(EXERCISE REQUIREMENTS): Stop at the line that contains "Timberland - Oversized". Until then, set down each line of the records exactly, beginning with the first, and skip pictures.

(Stored items)
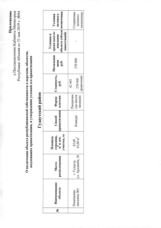 Постановление Кабинета Министров Республики Абхазия от 31.05.2019 №94 "О включении помещения магазина №3 в г. Гудаута в Перечень объектов, подлежащих приватизации,и утверждении условий его приватизации"
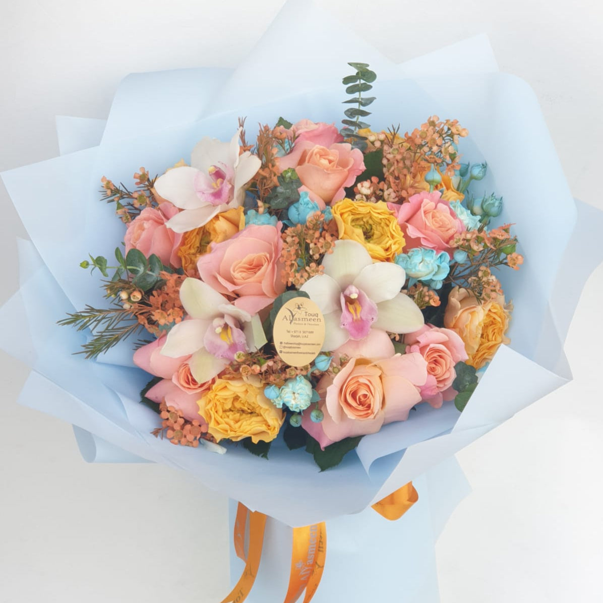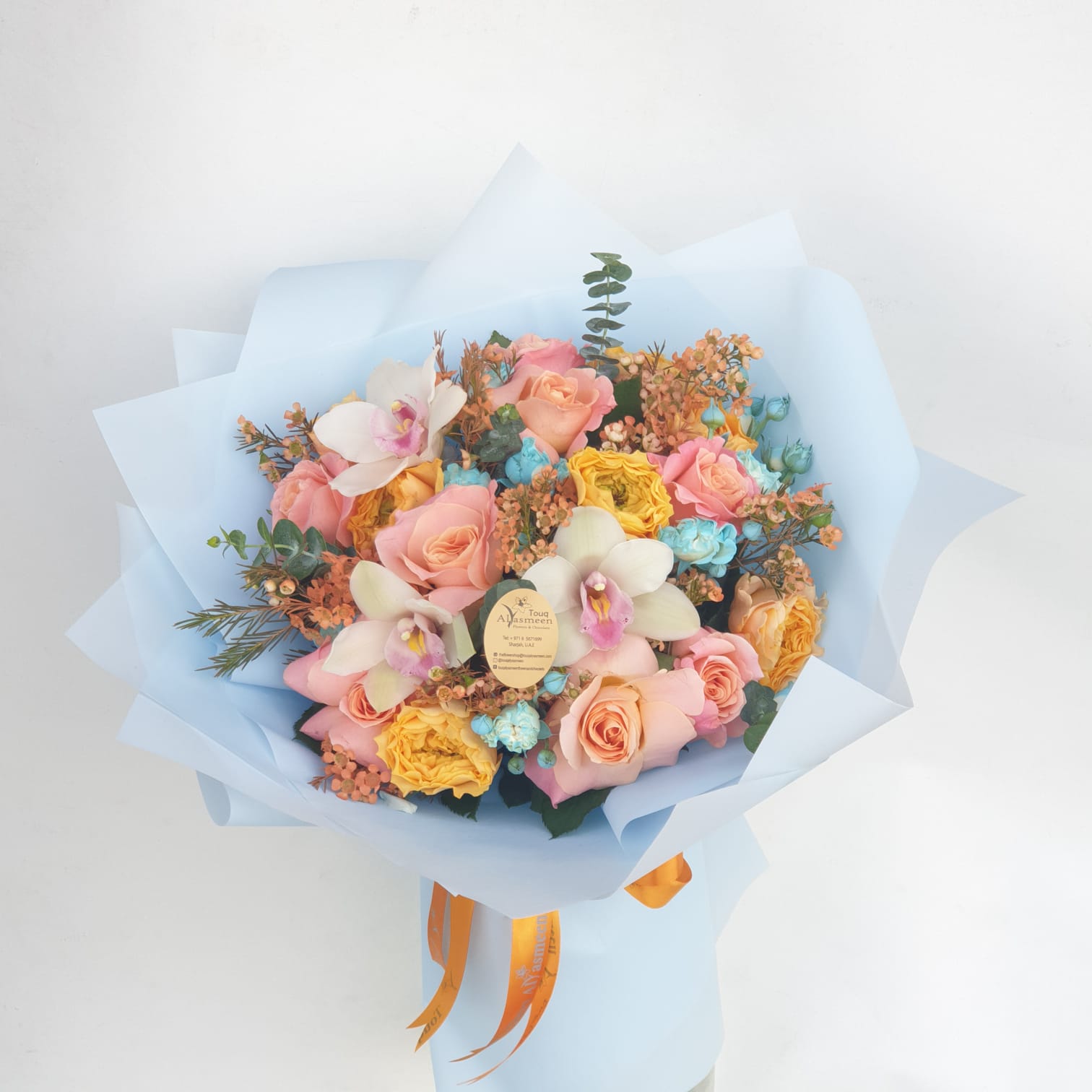 A luxurious flower bouquet that combines vibrant colors and elegant design. It features a special selection of pink, yellow, and white roses, accented with green leaves and small colorful flowers. Perfect for expressing love, appreciation, or adding a touch of beauty to any special occasion. It comes beautifully wrapped with lovely ribbons, making it an ideal gift for anyone who loves nature and elegance.
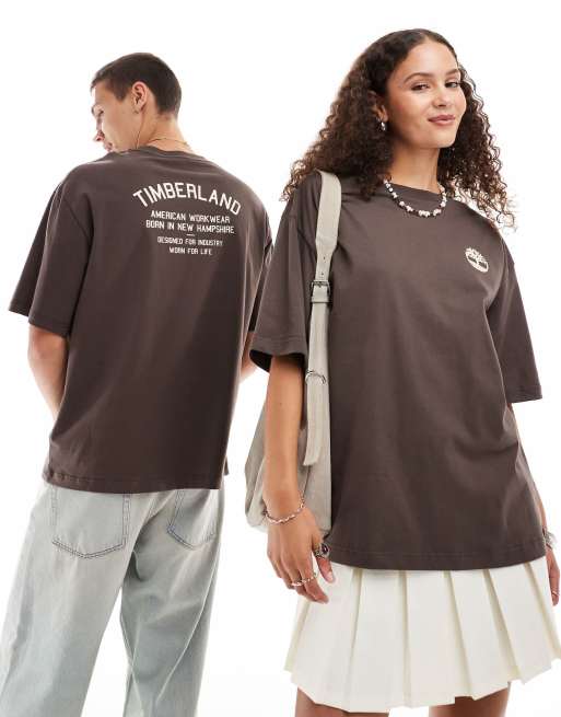 Timberland - Oversized workwear-t-shirt i brun med logo - Kun hos ASOS
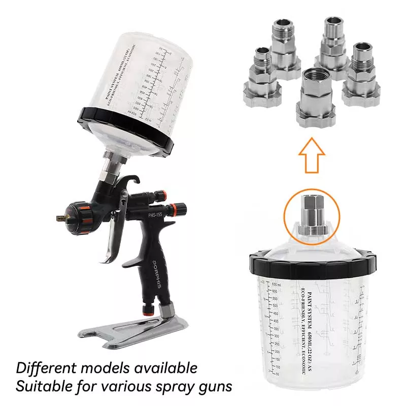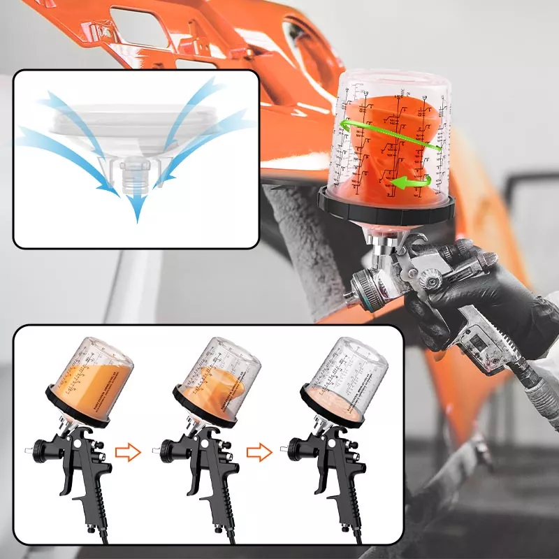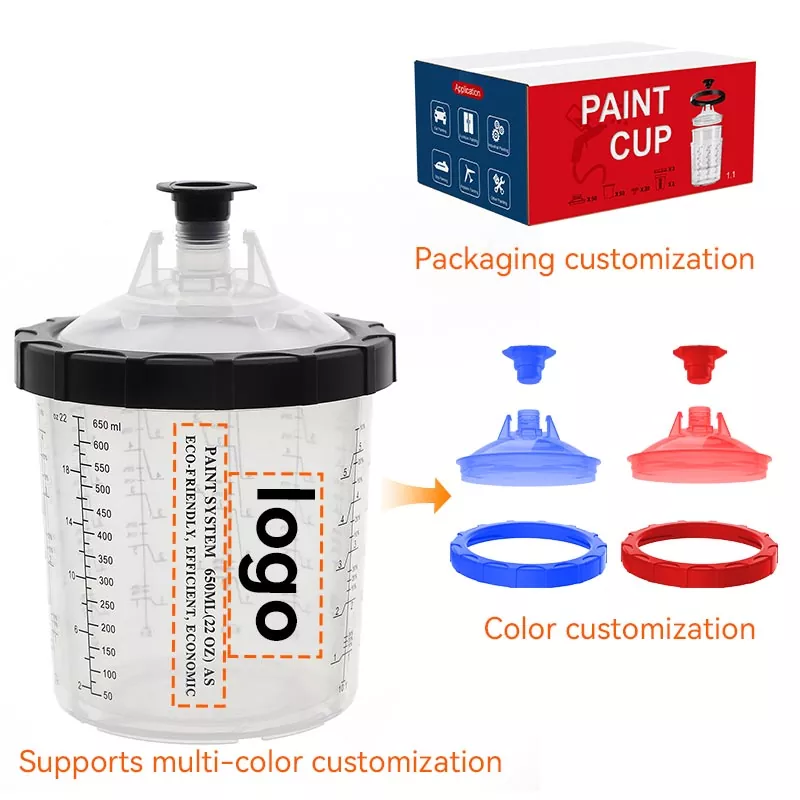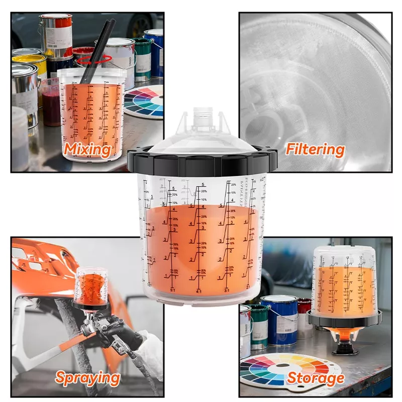 Il sistema di tazze di vernice usa e getta da 800 ml 1.0 contiene 28,5 once fluide (850 ml) di vernice, è ideale per riparazioni di 4 pannelli o meno di materiale, compresi grandi lotti di vernice trasparente. Questa gamma è stata sviluppata per migliorare l'efficienza del lavoro e la qualità dello spruzzo al fine di soddisfare le aspettative di ogni pittore. Il sistema di tazze di spruzzo usa e getta è un'ottima alternativa alle tazze di spruzzo riutilizzabili perché rende il processo di spruzzatura più pulito ed efficiente. La vernice può essere miscelata direttamente nella tazza spray e dopo ogni utilizzo è necessaria solo una pulizia minima. Se desideri vendere all'ingrosso una tazza per pistola a spruzzo usa e getta, contattaci per ottenere campioni gratuiti da testare.
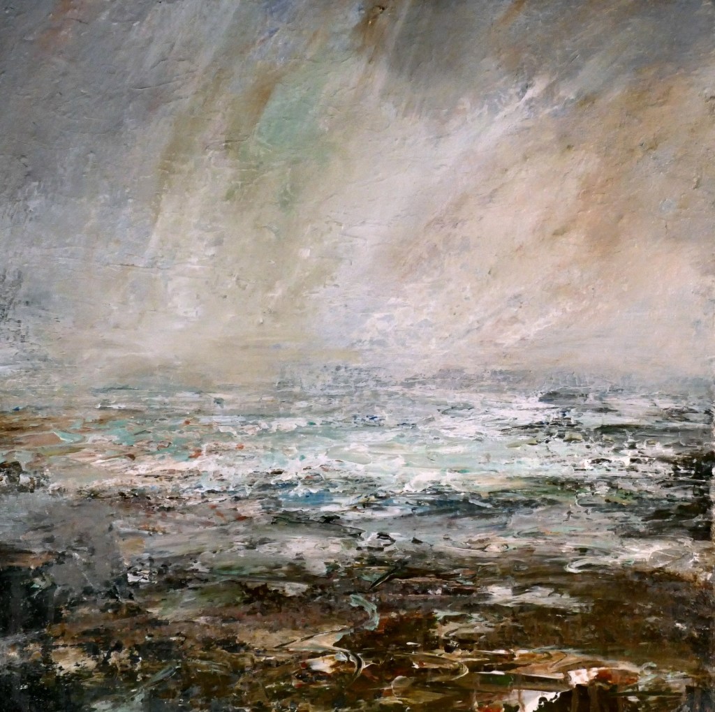 #Painting #MixedMedia on 80x80cm Canvas “Cold North Westerly Wind, but between the Showers Brilliant Light. High Tide #Porthchapel, #Cornwall”
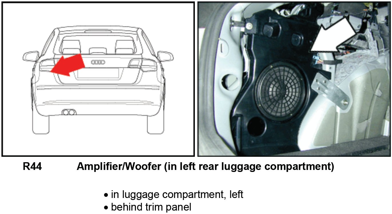 Amplifier/Woofer (In Left Rear Luggage Compartment) R44
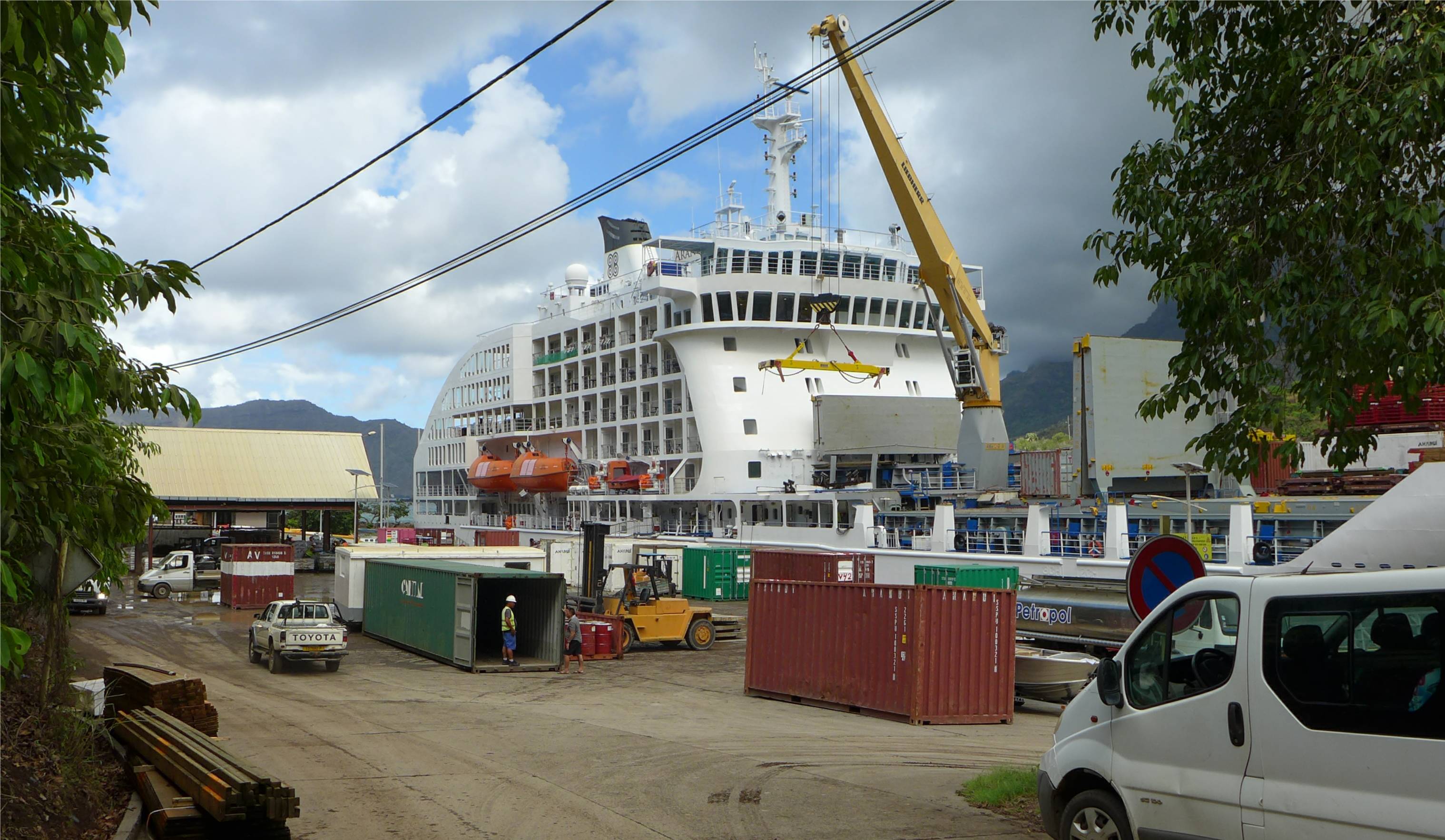 FP Hiva Oa Hafengewusel Entladen der Aranui
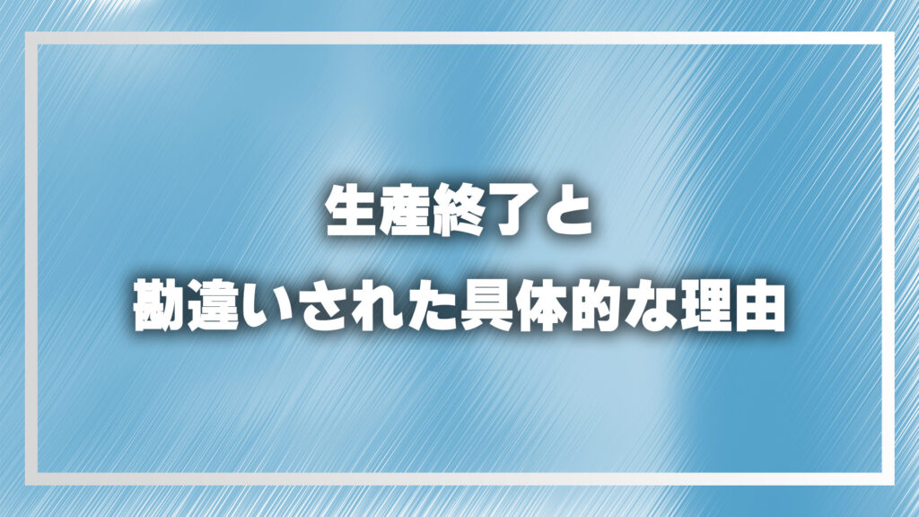 この発表により、長年のファンの間に広まっていた「生産終了なぜ?」という疑問に対する答えが明確になったのです。実際には品質向上のための改良作業が行われており、決して生産が中止されたわけではありませんでした。
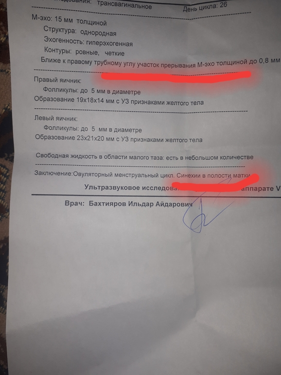 Фолликулометрияне выдержала , тем более вчера сильно колол левый яичник, очень тянул, сходила сейчас на узи. Овуляция была и в правом и в левом, двойная )))) что очень радует ))) неужели с двойной овулей ничего не получится? Или я рано расстраиваюсь?? Сегодня 28 день цикла. День х в понедельник ....еще Нашли какие то синехии...что это ?! К врачу пойду субботу , может было у кого такое ? Вот фото узи

(REPLY TO THE TASK):
 Постановление Кабинета Министров Республики Абхазия от 31.05.2019 №94 "О включении помещения магазина №3 в г. Гудаута в Перечень объектов, подлежащих приватизации,и утверждении условий его приватизации"
 A luxurious flower bouquet that combines vibrant colors and elegant design. It features a special selection of pink, yellow, and white roses, accented with green leaves and small colorful flowers. Perfect for expressing love, appreciation, or adding a touch of beauty to any special occasion. It comes beautifully wrapped with lovely ribbons, making it an ideal gift for anyone who loves nature and elegance.
 Timberland - Oversized workwear-t-shirt i brun med logo - Kun hos ASOS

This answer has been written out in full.